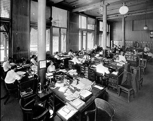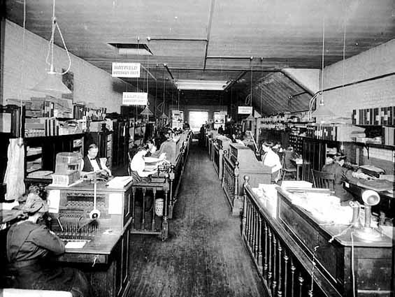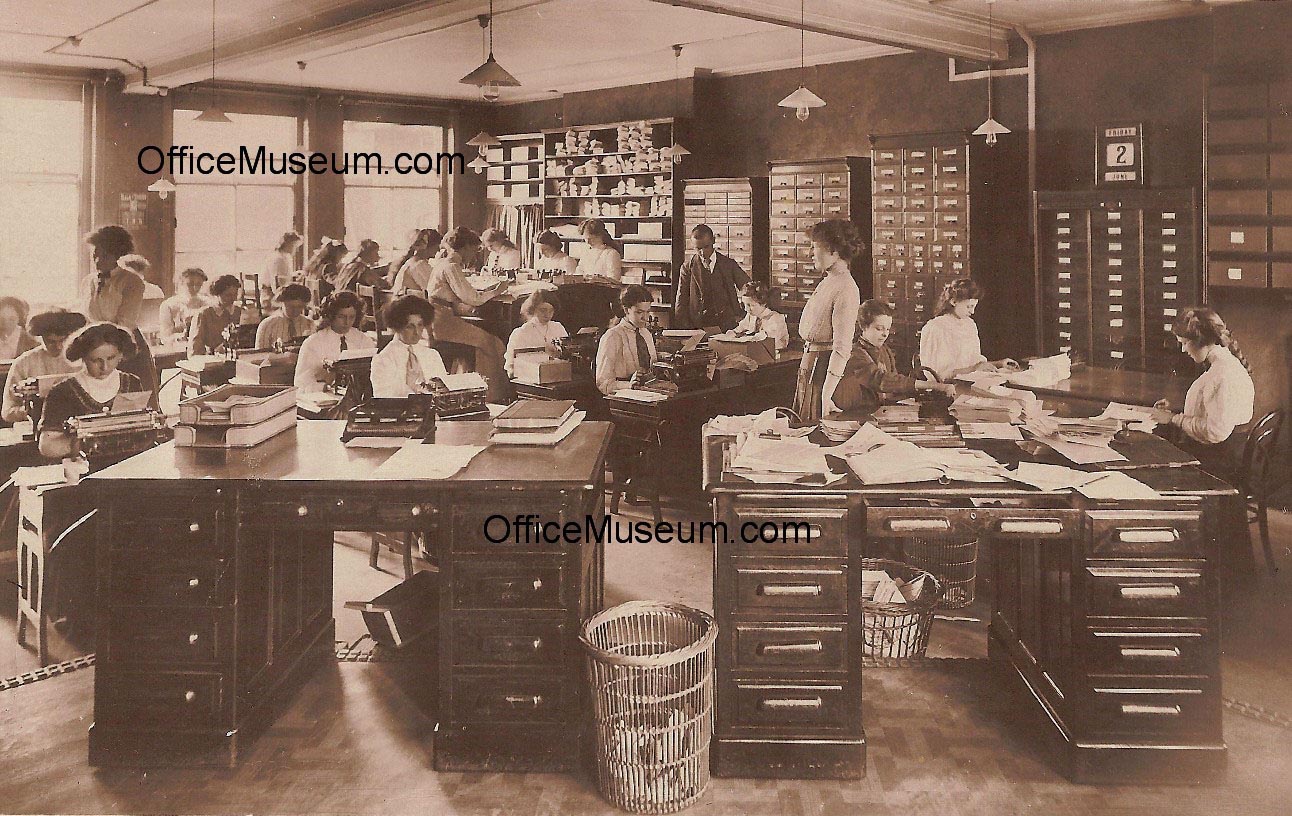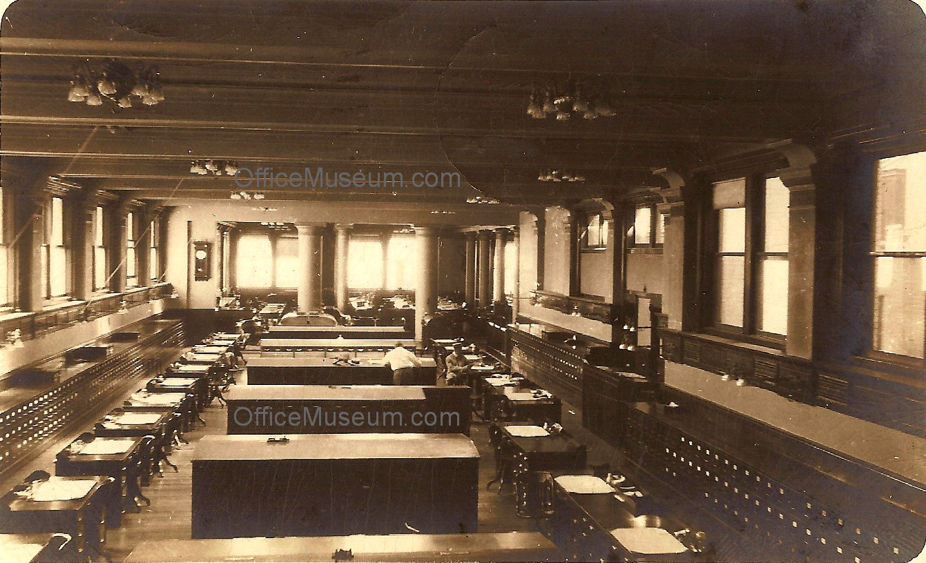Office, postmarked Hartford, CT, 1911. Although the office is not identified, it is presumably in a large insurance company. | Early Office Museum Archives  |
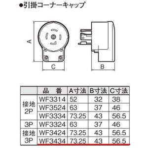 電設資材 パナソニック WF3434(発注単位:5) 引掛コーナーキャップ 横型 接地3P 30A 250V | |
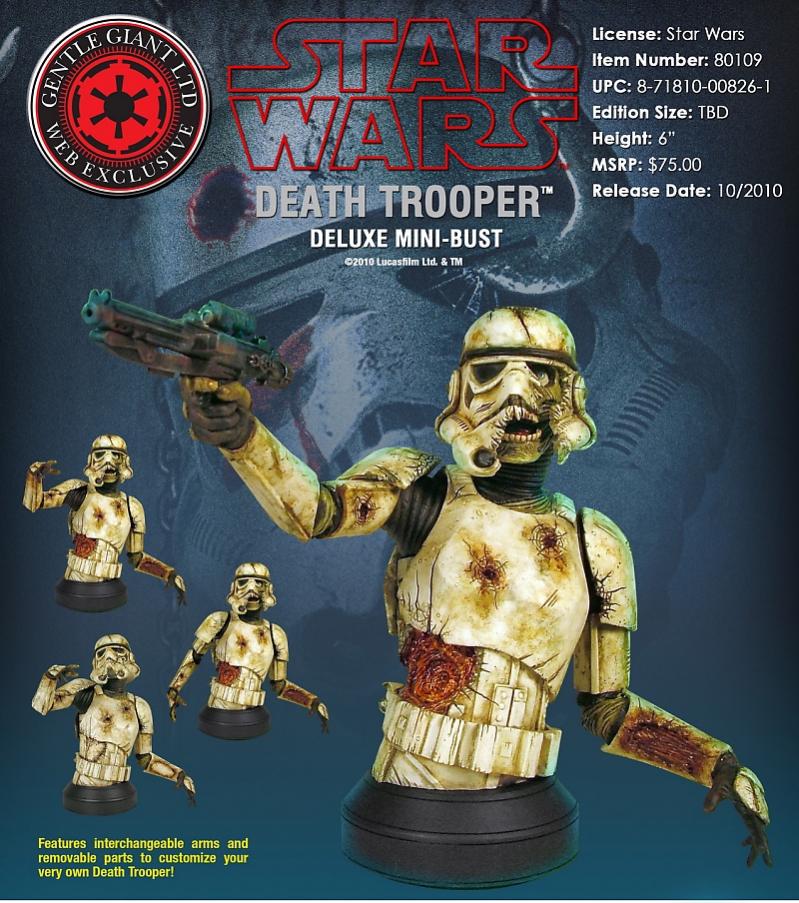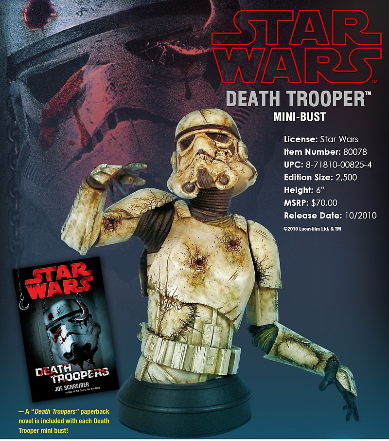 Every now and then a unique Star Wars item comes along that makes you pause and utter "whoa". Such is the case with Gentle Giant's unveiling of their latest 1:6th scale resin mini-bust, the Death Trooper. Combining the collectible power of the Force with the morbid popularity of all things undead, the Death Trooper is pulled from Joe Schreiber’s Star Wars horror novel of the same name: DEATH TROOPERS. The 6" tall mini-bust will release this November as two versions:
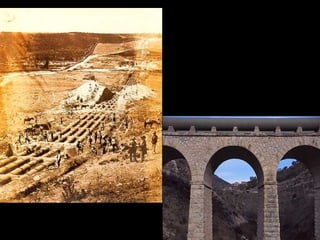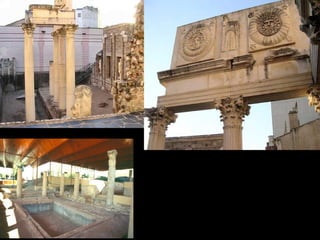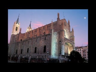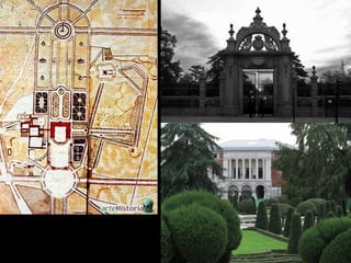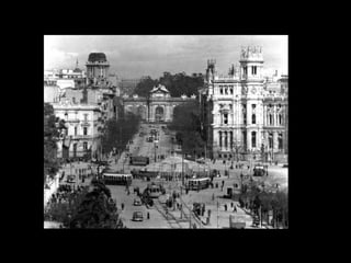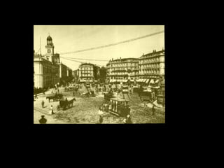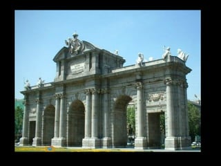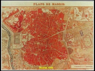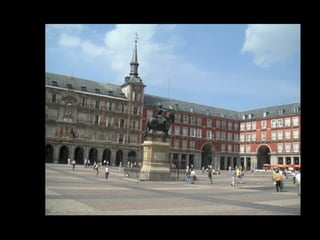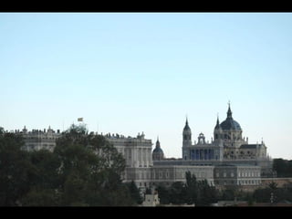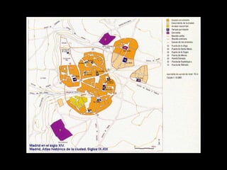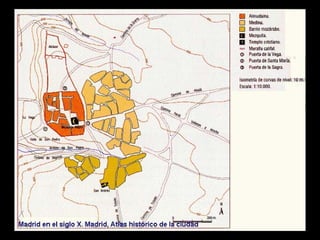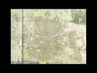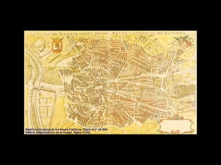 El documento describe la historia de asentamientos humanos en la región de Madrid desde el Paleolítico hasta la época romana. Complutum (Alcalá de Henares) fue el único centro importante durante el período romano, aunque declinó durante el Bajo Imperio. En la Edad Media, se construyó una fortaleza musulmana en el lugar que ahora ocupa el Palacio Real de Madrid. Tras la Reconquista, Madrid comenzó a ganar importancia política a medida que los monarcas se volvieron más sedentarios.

____

WORK REQUIRED:
Omit the pictures, and quote the material above exactly as given.

SOLUTION FOR THIS EXERCISE:
Office, postmarked Hartford, CT, 1911. Although the office is not identified, it is presumably in a large insurance company. | Early Office Museum Archives  |
 電設資材 パナソニック WF3434(発注単位:5) 引掛コーナーキャップ 横型 接地3P 30A 250V | |
 Every now and then a unique Star Wars item comes along that makes you pause and utter "whoa". Such is the case with Gentle Giant's unveiling of their latest 1:6th scale resin mini-bust, the Death Trooper. Combining the collectible power of the Force with the morbid popularity of all things undead, the Death Trooper is pulled from Joe Schreiber’s Star Wars horror novel of the same name: DEATH TROOPERS. The 6" tall mini-bust will release this November as two versions:
 El documento describe la historia de asentamientos humanos en la región de Madrid desde el Paleolítico hasta la época romana. Complutum (Alcalá de Henares) fue el único centro importante durante el período romano, aunque declinó durante el Bajo Imperio. En la Edad Media, se construyó una fortaleza musulmana en el lugar que ahora ocupa el Palacio Real de Madrid. Tras la Reconquista, Madrid comenzó a ganar importancia política a medida que los monarcas se volvieron más sedentarios.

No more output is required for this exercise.